Apocalíptica

Se sentía abrumada y decidió salir a caminar por el barrio. Era tarde, pero no le importaba demasiado. Necesitaba aire, y eso fue a buscar.

Abrió la puerta al mundo y notó algo raro en él… No escuchaba ruidos y las luces de la calle estaban apagadas, pero todo se veía tan claro como si fuera de día.

Levantó la cabeza para notar que el cielo estaba lleno de estrellas que acompañaban a la luna más grande que había visto en su vida. ¿Un cielo estrellado en medio de una ciudad tan grande? Era imposible.

Casi por inercia, e ignorando lo que veían sus ojos, empezó a caminar. Tres cuadras sin cruzar a nadie le bastaron para sentir que algo andaba mal. Generalmente a esa hora muchos señores mayores paseaban a sus perros, pero esta vez no estaban.

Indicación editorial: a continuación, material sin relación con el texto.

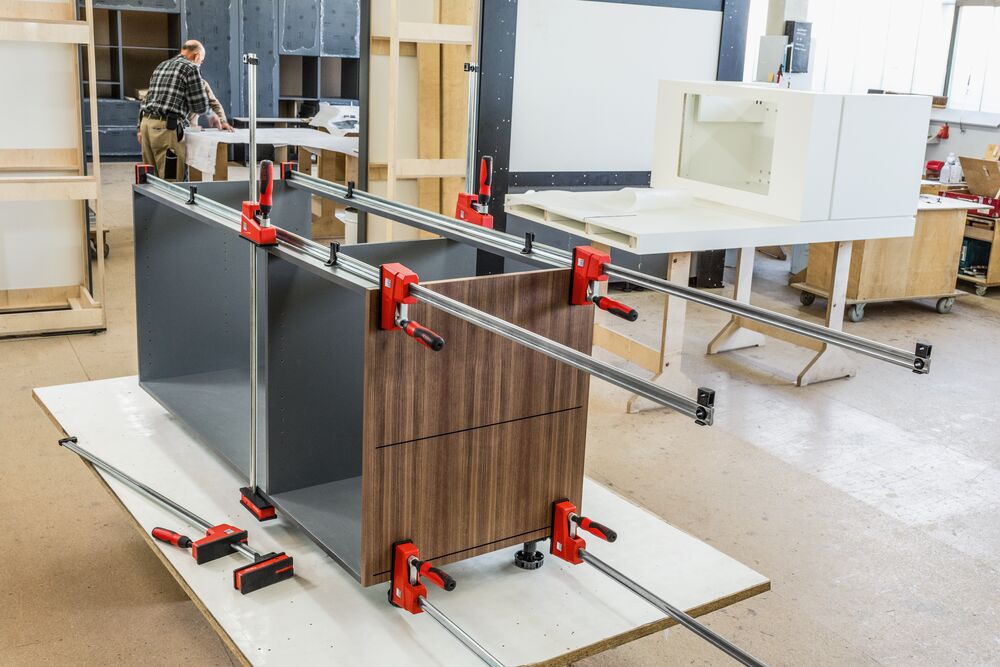 Die großen, exakt parallel geführten Spannflächen sind typisch für die Original BESSEY Korpuszwinge REVO und die leichte Korpuszwinge UniKlamp. Damit lassen sich empfindliche Oberflächen sowie rechte Winkel problemlos spannen und spreizen. Runde und spitze Werkstücke übrigens ebenso. Und das Beste: Dank der extra großen Auflageflächen ist sowohl die Original BESSEY Korpuszwinge REVO als auch die UniKlamp universell einsetzbar – selbst hinter und seitlich der hochwertigen Hohlprofilschiene. Dadurch werden sogar Spannstellen zugänglich, die Sie mit üblichen Schraubzwingen nicht erreichen.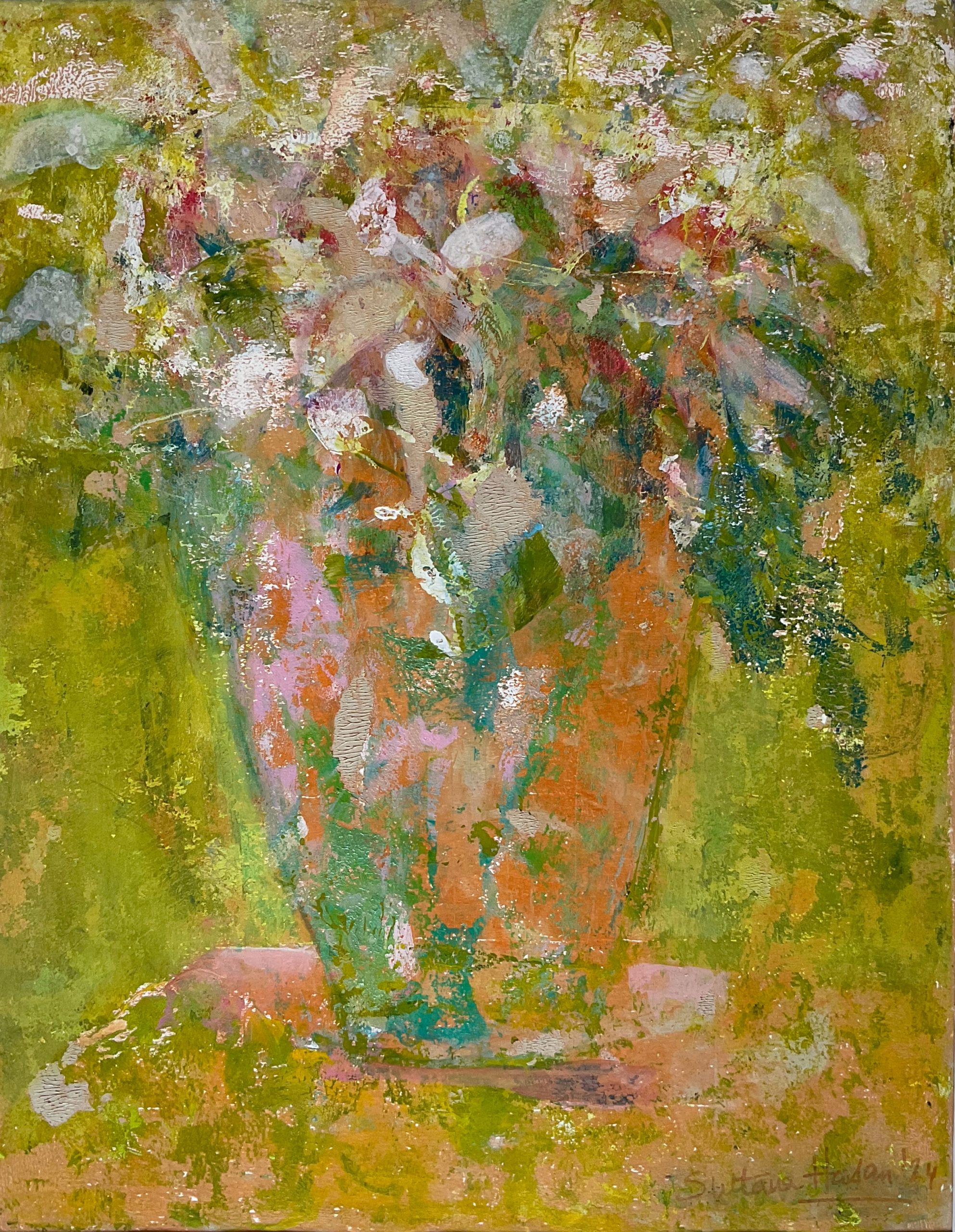 ‘Untitled' | 2024 | 8'' x 8'' | Mixed media on MDF board | Sultana Hasan

Siguió caminando sin parar y sin mirar atrás. No quiso voltear, no sintió las ganas o la necesidad de hacerlo en ningún momento. Hasta que se detuvo al llegar a una esquina muy particular, donde se levantaba una pequeña y familiar casa azul.
La miró por unos cuantos minutos sin poder descifrar qué era lo que le atraía de esas ventanas blancas, techo tejado y enredadera al frente.

En el tiempo que duró esta pausa, olvidó su nombre y lugar de origen. Hizo fuerza por traerlo a la memoria y volver sobre sus pasos, pero fue inútil. Empezó a desesperarse y quiso llegar a su casa, pero ya no recordaba el camino de vuelta. Gritó para pedir ayuda, pero no había nadie que pudiera socorrerla.

Levantó la vista una vez más para notar que las estrellas empezaban a perder su brillo. Todo se volvió más oscuro. Buscó una pequeña línea de luz en alguna esquina lejana, pero no llegaba a alcanzarla. Corrió como nunca, sin rumbo, casi ciega.

Así se chocó contra un callejón sin salida, frente a una pared sobre la que se apoyaba una puerta grande y robusta de madera. Golpeó con ganas, pero como se imaginaba, nadie respondió. Decidió probar girando el picaporte y entrar de todos modos, ¿qué más podría pasarle?

Lógicamente, estaba en penumbras. Palpando a sus alrededores encontró una caja de fósforos, que al abrirla se convirtió en “la caja del fósforo”. No quiso desperdiciarlo, así que lo guardó hasta que fuera el momento correcto de usarlo. Estaba sola en un mundo desconocido, en una casa sin ventanas, en una noche sin luz.

Sin la más mínima idea de lo que estaba viviendo, desesperada y confundida, de un segundo al otro se quedó inmóvil: sus pies parecían haberse clavado al suelo y sus rodillas se sentían selladas con pegamento. Quiso levantar los brazos para prender el fósforo y ver algo aunque sea por unos cortos segundos, pero estos no reaccionaron.

Se quedó quieta. No podía hablar, y mucho menos gritar.

Se esforzó por dejar de pensar. Decidió que la mejor opción era dejar de luchar. Este nuevo mundo la quería así: tiesa en la noche. Y eso era todo lo que ella iba a dar.

Se entregó a las calles desconocidas que hasta entonces habían servido como un refugio, para por fin ofrecerse rendida ante el frío abrazo del vacío de su existencia.